Alerté, le chef sculpteur sortit de chez lui et prévint ses collègues. En quelques minutes, la Place de Vérité fut en ébullition, et même le scribe de la Tombe quitta son bureau où il écrivait une nouvelle page de sa « Clé des songes ».
— Pourquoi ce vacarme ? s’étonna-t-il.
— Noiraud a détalé vers la grande porte, répondit Rénoupé le Jovial.
— Et c’est à cause de ce chien que vous me dérangez ?
— Le pouvoir central devra bien répondre à votre lettre ! rappela Ipouy l’Examinateur. Nous sommes certains que Noiraud a pressenti l’arrivée du facteur.
— Retournez chez vous et...
— Le facteur ! s’écria Nakht le Puissant. Tous à la grande porte !
— Si les chiens commencent à faire la loi... marmonna Kenhir, obligé de suivre le mouvement.
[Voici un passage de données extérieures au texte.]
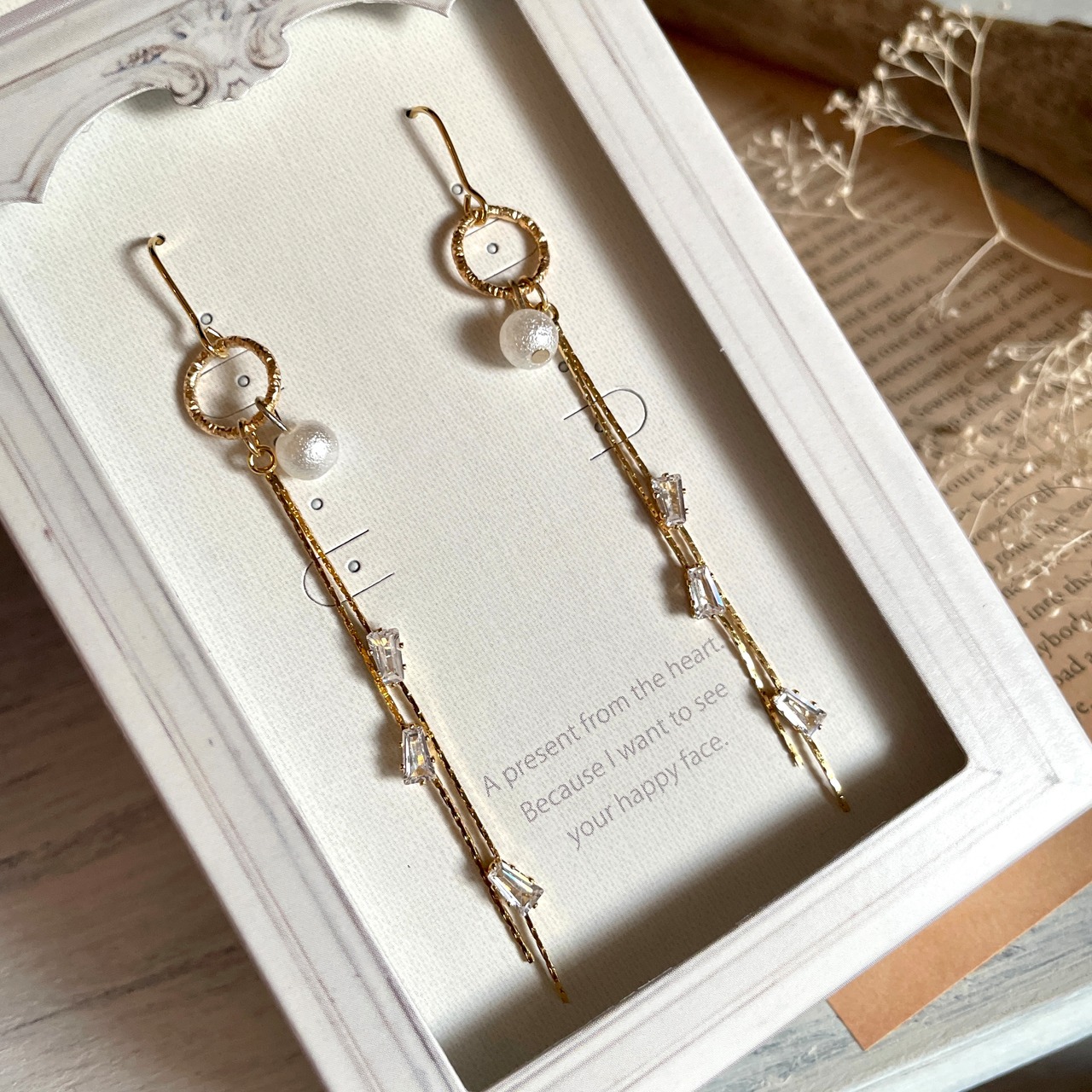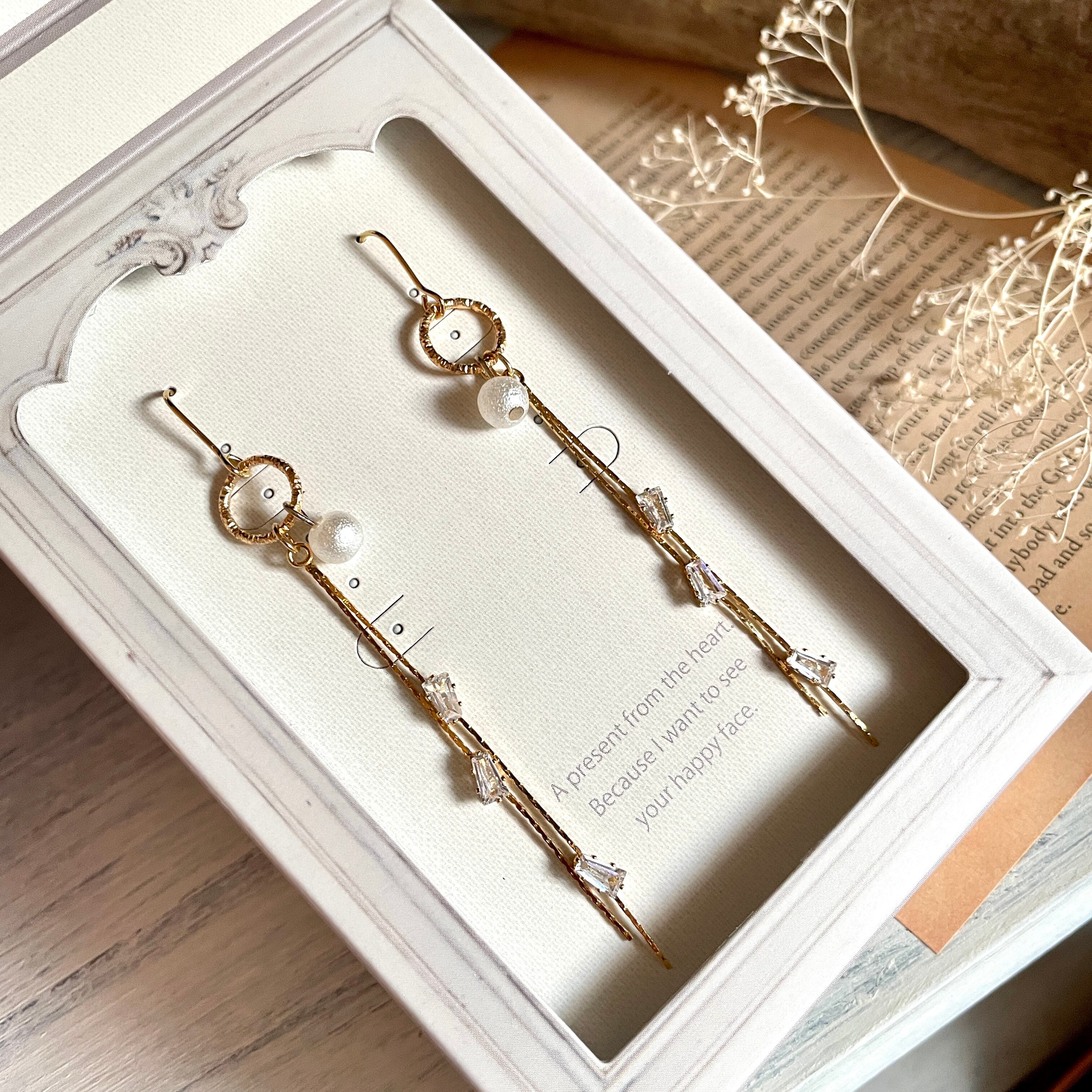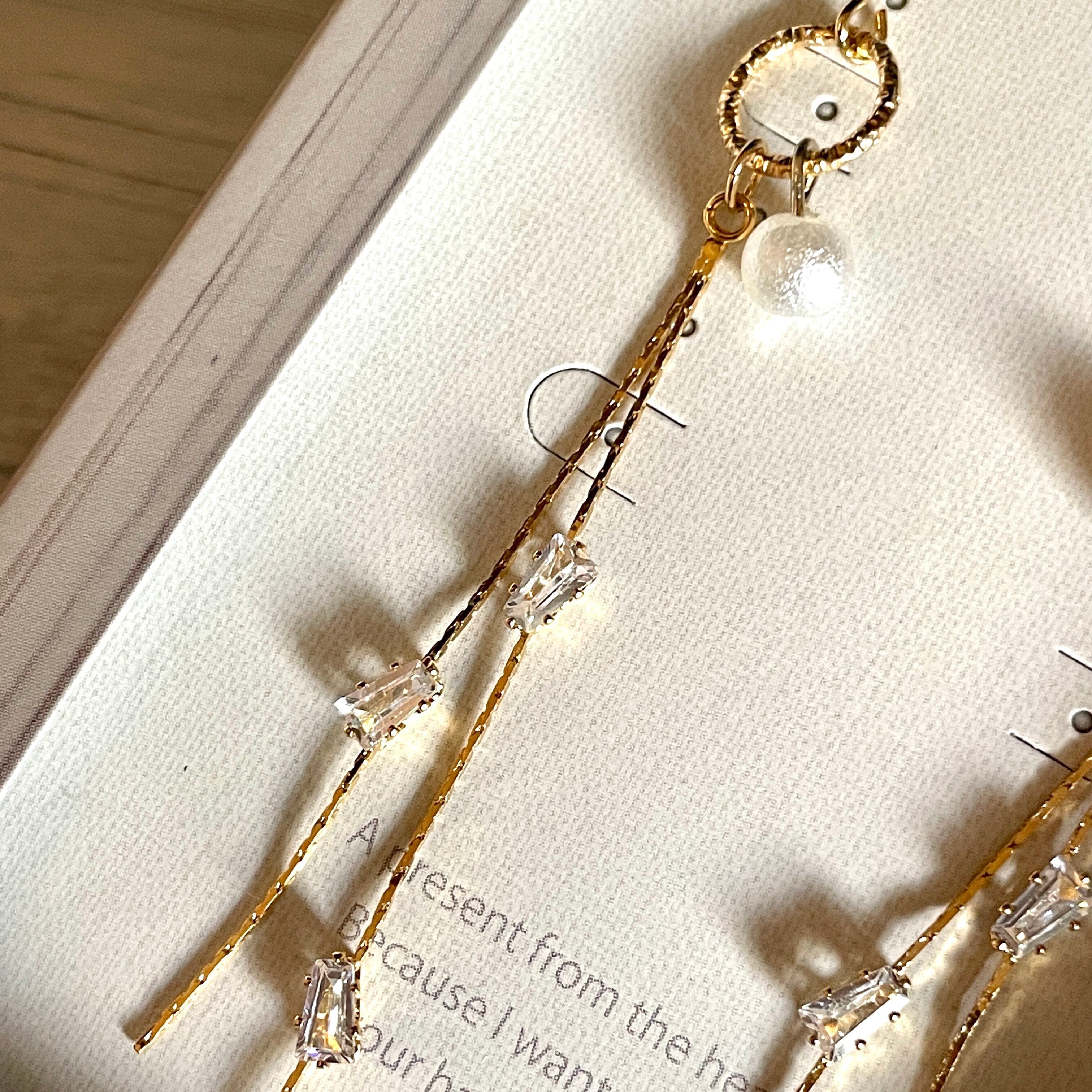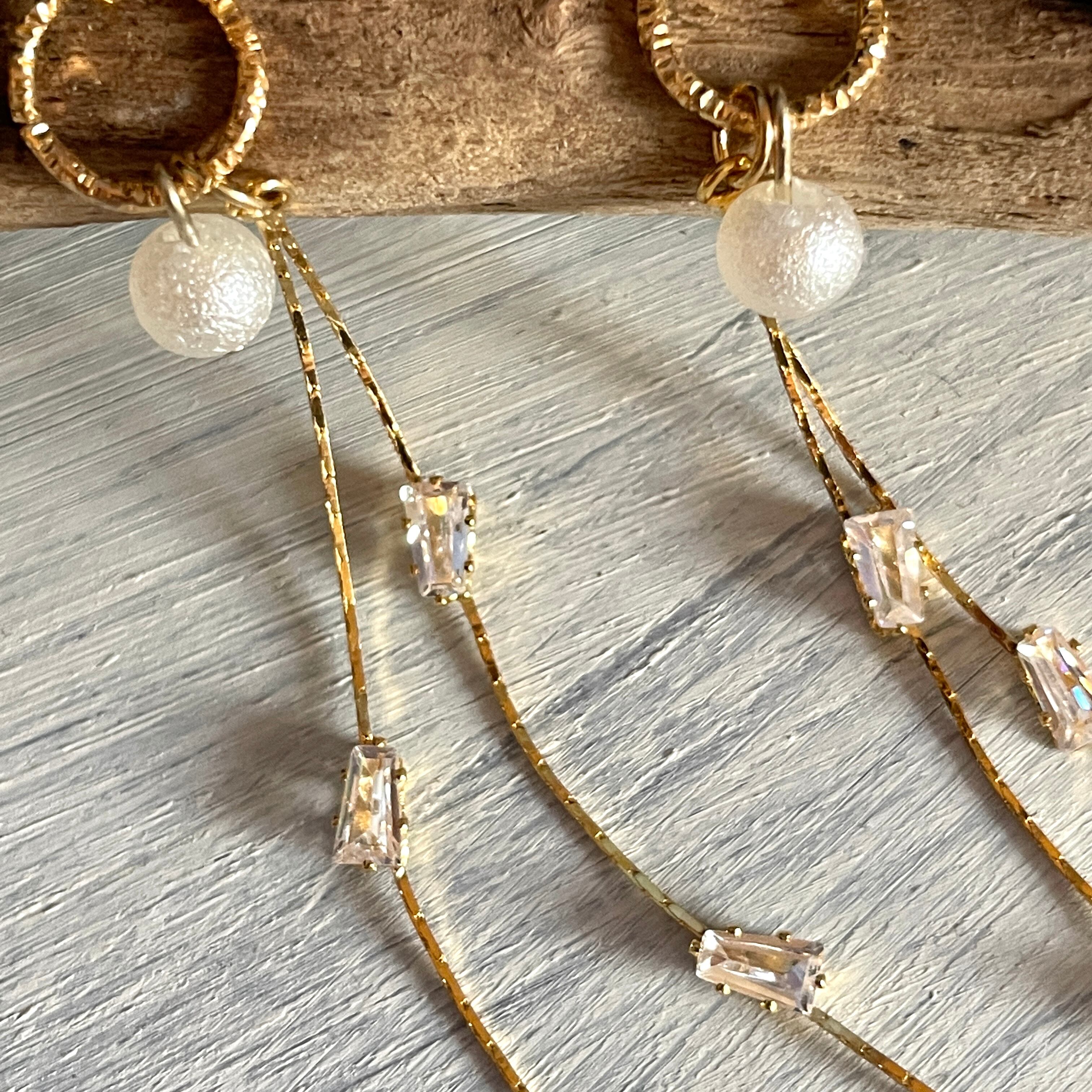 優しいポンポンパールとキラキラ輝く四角いストーンで作ったピアスです。

Oupouty présenta un papyrus scellé au scribe de la Tombe.
— Courrier en provenance du Palais royal de Pi-Ramsès, annonça-t-il.
Les artisans s’écartèrent pour laisser passer Paneb.
— Lisez, demanda le maître d’œuvre à Kenhir.
D’une main encore sûre, le vieux scribe brisa le sceau.
— La reine Taousert sera bientôt parmi nous afin de diriger les funérailles du pharaon Siptah. Que tout soit prêt pour la cérémonie.